Por: Noé Guerra Pimentel

La historia no miente. Lo primero para destruir a una persona a un pueblo o una cultura es echar abajo su autoestima, trastocar su verdadero origen y lesionar sus auténticos motivos de identidad. Debemos ser críticos con nuestro pasado, por supuesto, y rectificar y mejorar muchas cosas, pero nuestro pasado es nuestra identidad, pues el presente es fugaz y el futuro no lo conocemos. Una cosa es la autocrítica y otra la descalificación, el descrédito, la negación. En dicha tesitura no debemos olvidar que la historia de América es una historia de conflictos y brutalidades, pero en gran parte de la América latina lo es también de colaboración entre los distintos grupos que la componen. Proponer una historia de europeos contra indígenas y de malos contra buenos es un discurso frívolo, interesado, oportunista, parcial, falso, retrógrada e injusto.
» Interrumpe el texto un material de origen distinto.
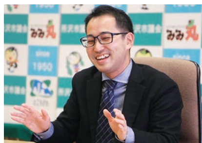
1987年、埼玉県松伏町生まれ。小学3年生から所沢市で暮らし始める。奨励会での厳しいリーグ戦を勝ち抜き、2007年10月にプロ棋士となる。2014年にはNHK杯の本選に出場し6段となる。詰将棋問題の作家としても有名で、雑誌「将棋世界」で執筆を担当している。

— 将棋の強さとは... どれだけ将棋を理解しているかだ... 正確に読むことが出来るかが重要... 対局でも出せる精神力も大切... 一局一局に自分の全力を出し切るように努力しつづける姿勢は、素晴らしいと思います。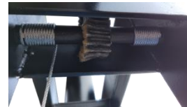
Redutora de Elev. De Mesa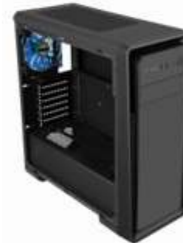
CPU i5 94004 GB 1550 GTX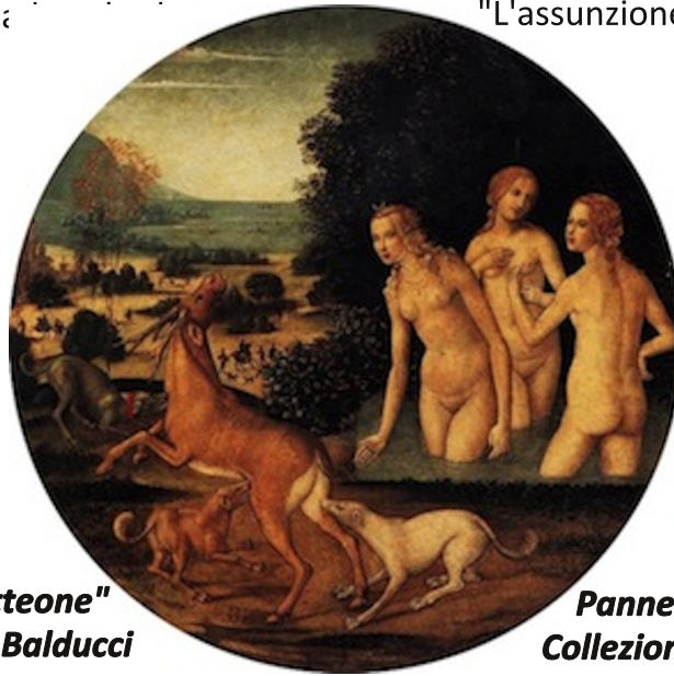
"Diana e Atteone" Matteo Balducci

Balducci risentì però soprattutto degli influssi artistici e pittorici del Pinturicchio. Gli viene assegnata una tavola con "L'assunzione e Santi" nella chiesa di Santo Spirito a Siena e sulla base di ciò gli viene attribuita la paternità di varie altre opere custodite nella pinacoteca di Siena. Bellissimo è il pannello di "Diana e Atteone", che vi proponiamo.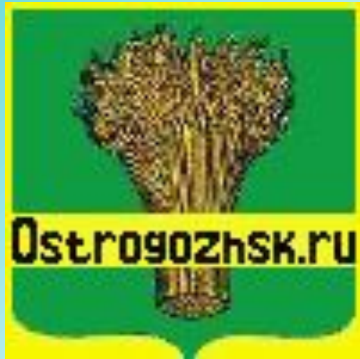
Герб города Острогожска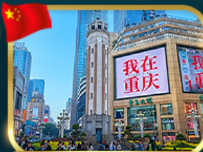
ถนนคนเดินเจียงฟางเป่ย์

Para tener una visión más ecuánime de nuestra historia es necesario que superemos la fragmentación identitaria que por centurias venimos arrastrando y que ha ocasionado la escritura de visiones incompatibles de nuestro pasado. Izquierdas, derechas y nacionalismos periféricos deben entender que la gestión de un futuro común es lo mejor para todos y que eso debe asumirse también para la reescritura de la historia, de nuestra historia. Sabemos, por ejemplo, el importante papel jugado por los tlaxcaltecas en la derrota de los mexicas, pero es casi ignorado que una ciudad como Los Ángeles, en los actuales EUA, fue fundada por veintidós individuos, de los que solo uno era español de España, el resto eran indígenas, mestizos, negros, mulatos y criollos y no es una excepción.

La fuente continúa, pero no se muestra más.